Lalu saya memasukkan naskah berharga itu ke dalam satu tas dan dari tas itu saya buatkan bantal dan
menghantarnya ke penjara untuk Judson. Saya berpikir naskah itu akan lebih aman berada di penjara.
Judson harus berpura-pura menganggap bahwa bantal lusuh itu suatu barang yang tidak berarti. Tetapi
yang menjadi lawan kita bukanlah darah dan daging tetapi penguasa-penguasa di udara. Walaupun
hanya sebuah bantal yang sederhana, sipir yang mengawal Judson tertarik dengan bantal itu dan
merampasnya dari Judson. Setelah diberitahu kabar buruk ini, saya mendapat inspirasi untuk
membuatkan satu bantal yang lebih cantik dan bagus. Saya menghantar bantal baru itu ke penjara.
Kemudian Judson menawarkan sipir yang mengawalnya dengan bertanya apakah ia mau menukarkan
bantal lama itu dengan yang baru.

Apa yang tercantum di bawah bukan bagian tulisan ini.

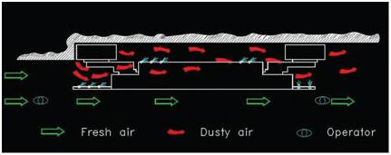 Face ventilation. In coal mining, ventilation is the primary means to dilute liberated methane to safe levels. It is also the principal method of controlling respirable dust on the longwall face. Providing adequate amounts of air to dilute and carry airborne dust down the face and prevent it from migrating into the walkway has been and continues to be a goal for longwall operators. Previous studies [Mundell et al. 1979] have reported that face air velocities of 400–450 feet per minute (fpm) seem to be the minimum appropriate to control respirable dust. A German study [Breuer 1972] reported that the optimum velocity range may be increased to 700–900 feet per minute (fpm) when the moisture content of the dust particles is 5%–8%. An MSHA study [Tomb et al. 1992] reported that as face air quantities increased, even beyond 1,200 fpm, respirable dust levels along the face decreased. As air velocities increase, it is important to ensure that sufficient wetting of the coal is provided to minimize the potential of increased entrainment with the higher air velocities. The higher velocities provide greater air quantities for better dilution of intake dust, as well as dust generated during shield support movement. Higher velocities over the shearer help confine the dust to the face area and lower the potential for contaminating the walkway. Also, the higher velocities will improve the diffusion of dust from stagnant areas in the headgate and along the support line. In recent NIOSH surveys [Rider and Colinet 2007], the average velocity was 665 fpm, and two longwalls had velocities over 800 fpm. The average quantity of air along the face was 67,000 cubic feet per minute (cfm), an increase of about 65% compared to the mid-1990s longwall study [Colinet et al. 1997].

Melihat bahwa yang baru itu jauh lebih bagus dari yang lama dengan
senang hati sipir yang serakah itu mengembalikan bantal yang lusuh itu. Tidak terbayangkan betapa
leganya hati kami saat mendapatkan kembali bantal lusuh yang mengandungi naskah itu.
Tetapi iman kami kembali diuji ketika pada suatu hari tanpa ada pertanda, semua tawanan secara
mendadak dipaksa untuk berangkat ke lokasi baru. Di dalam keberangkatan yang terjadi secara tibatiba,
para tawanan harus meninggalkan semua barang kepunyaan mereka. Langsung setelah penjara itu
dikosongkan para sipir berlomba-lomba mencari barang-barang berharga di antara benda-benda
kepunyaan para tawanan yang ditinggalkan. Bantal lusuh itu sama sekali tidak digubris mereka. Moung
Ing, pengikut setia Dr. Judson datang ke penjara setelah mendapat kabar bahwa gurunya telah
dipindahkan ke tempat lain. Melihat bantal lusuh milik gurunya tergeletak di tanah, ia langsung
membawanya pulang tanpa mengetahui bahwa yang terkandung di dalamnya sesuatu yang sangat
berharga. Pikirnya, ia mungkin tidak akan melihat Judson lagi, dan bantal itu akan mengingatkan dia
pada gurunya. Dengan demikian naskah awal terjemahan firman Tuhan dalam bahasa Burma
diselamatkan. Selama berada di lokasi penahanan yang baru, Judson harus bergumul untuk menerima
kehilangannya. Sama sekali tidak diduganya bahwa hartanya yang paling berharga sedang disimpan
dengan baik dan aman oleh Moung Ing.
Setelah hampir 21 bulan ditawan, akhirnya Judson dibebaskan. Saat ia melangkah masuk ke rumah, ia
melihat naskah terjemahan Perjanjian Baru yang dipikirnya telah hilang itu tersusun rapi di atas meja.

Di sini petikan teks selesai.